I got an e-mail the other day and…well, you know, if you read it on the internet it just has to be true. This email was from God Allah and he was asking the press for help.
Now why he is asking what many of you call the @#$%^& media for help I do not know but God works in mysterious ways and just who are YOU to question the Almighty methods.
Since the Times readers are a benevolent group helping those in need, I wanted to share with you my e-mail from God.
“Help! I am Allah, God of The Religions, am now here on Earth, and asking the Press to help Me locate an organization, community or nation to receive Me. Here is all you have to do on behalf of your company, community or nation: send an email to god @llah.mobi or call 707-925-2488 and say something such as “On behalf of, (your company, community, or nation) We want to welcome you, God Allah.”
Be sure to include your email, cellphone text number (if you have one), name and phone number.
Then I will contact you back through email with more information about how this applies to your company, community, or nation. If you want to learn more of God Allah (or God the Father of Christianity) see a church or mosque near you for more information.
Please be advised this is a very, serious emergency for many people around the world so you are advised to communicate with Me immediately. Also, due to the nature of this emergency, it is possible there could be spiritual repercussions for your failure to comply.
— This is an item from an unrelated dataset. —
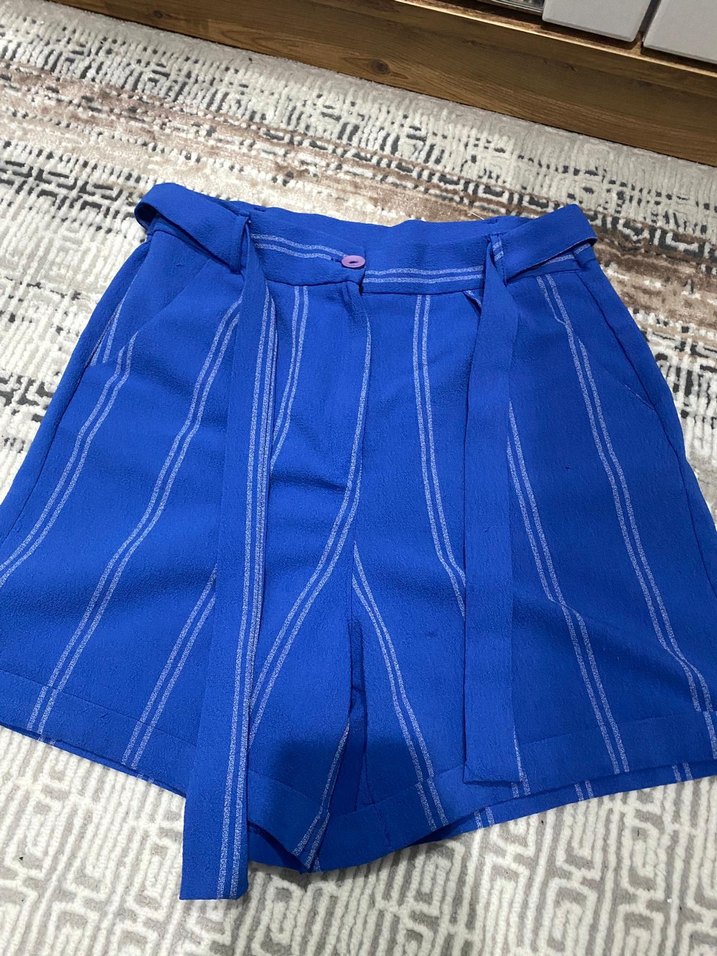 Mavi, parlak sentetik kumaştan, kemerli ve çizgili mini şort. Regular kesim ve rahat günlük sokak stili için uygundur.

Thanks.
Author, Holy Quran / Bible
Lord of the Worlds
I guess I was surprised with the Almighty’s e-mail on a number of fronts:
•I didn’t realize God would contact the media for assistance. I didn’t think he needed any assistance in the PR Department. He is God, you know and he has all of those in pulpits on Sunday speaking on His behalf. But perhaps he realizes the power of the press. A fact many of you mortals still pooh-pooh.
•I didn’t realize God was high tech with an e-mail address. I thought just a prayerful conversation with him was okay at anytime. Hmmm…with so many people with troubles in the world, I wonder if his e-mail box gets too full. And what if you are on his spam list?
•Why does the Almighty need my name, cell phone number, land line number? I thought he was omniscient and omnipresent.
•I suppose that I should be impressed and humbled that there is a worldwide emergency for some people and God is wanting little old me to get back with him immediately to help him out.
•But I gotta tell you that the threat of “spiritual repercussions” for my “failure to comply” sounds rather like “you better do as I say or there’s going to be trouble”. And that sounds a whole lot like most mothers.
•I can also tell you that God has a post office box in San Mateo, California where he probably accepts our cash offering. Which, I suspect, was the entire purpose of his email.